With just under a year to go until the next election, the parties have yet to set out detailed policy platforms with regard to health and the NHS. One eye-catching proposal from Scottish Labour is to reduce the number of health boards from 14 to three. While it sounds like a centralisation of power, the party says it’s the opposite, designed to cut bureaucracy and allow decisions to be made at a local level. The party accused the SNP of stealing another one of its proposals – 100,000 additional GP appointments to beat the “8am rush” – in the programme for government set out last month. The first minister also said that primary care services would receive a larger share of total NHS, including an expansion of the Pharmacy First service.
The Tories called the programme for government a “pathetic con”, while Labour described its proposals as “flimsy”. BMA Scotland said the government’s plans for the NHS were “failing to meet reality”.
“More people are finding the NHS is not able to provide the care they need, when they need it, forcing them to go private and putting the founding principles of our NHS at risk,” says Kennedy.

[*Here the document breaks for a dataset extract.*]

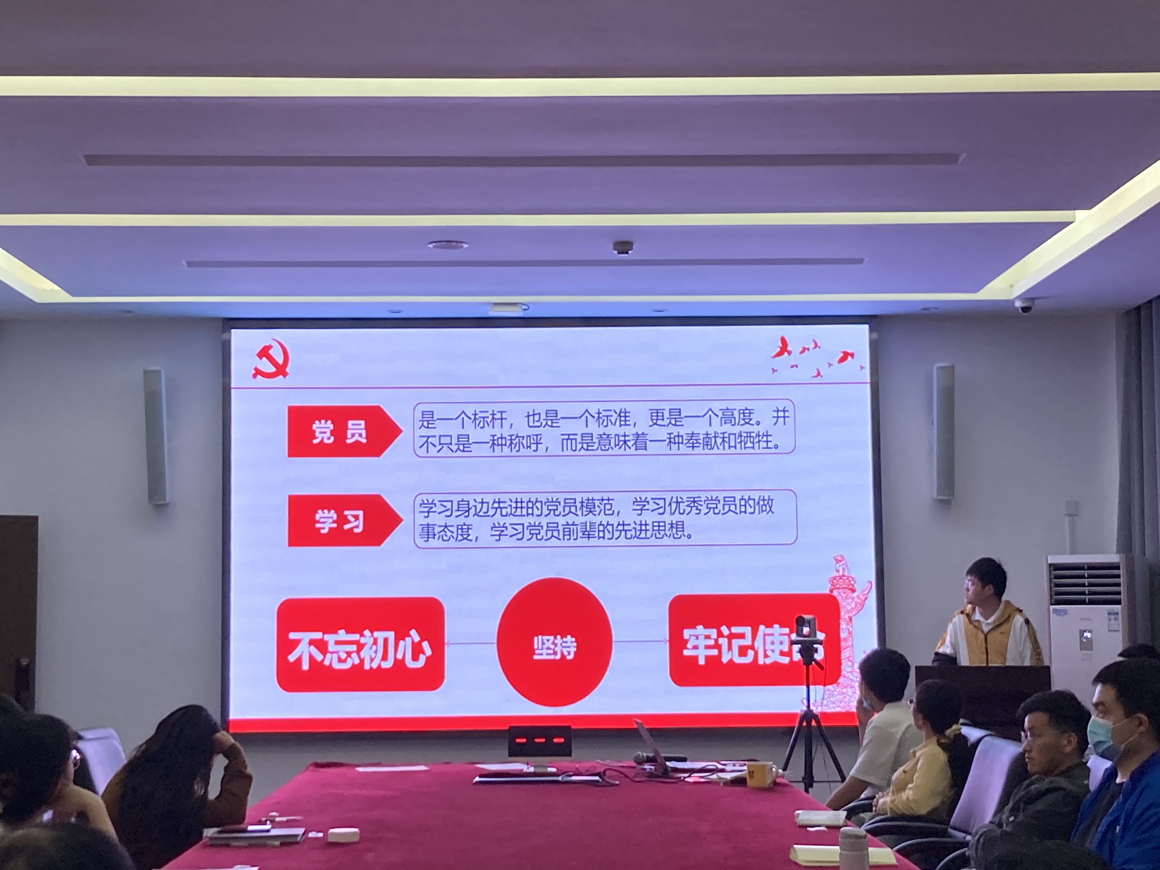 党史学习教育“微党课”环节,由支部各党小组分工合作,结合建党以来的重大事件和时间节点,选出了“中共五大”、“人民至上”、“不忘初心,牢记使命做合格党员”等主题进行解读,做到“有内容,有思考”,强调了党史学习教育的重要性和必要性,从党史中吸取经验教训,从党史讲合格党员标准,从党史发展看新形势下的党员要求。

“The past few years have shown that while any increase in frontline spending on the NHS is welcome, this must be accompanied by a vision for securing the future of the NHS, which is backed up by both detail and action.
“Our message to all politicians in the coming months as the Scottish Parliament election approaches is that it is not too late to save the NHS – but we cannot afford to wait another five years for the necessary action. The need for reform is urgent and the process to protect the NHS and turn it around must begin right now.”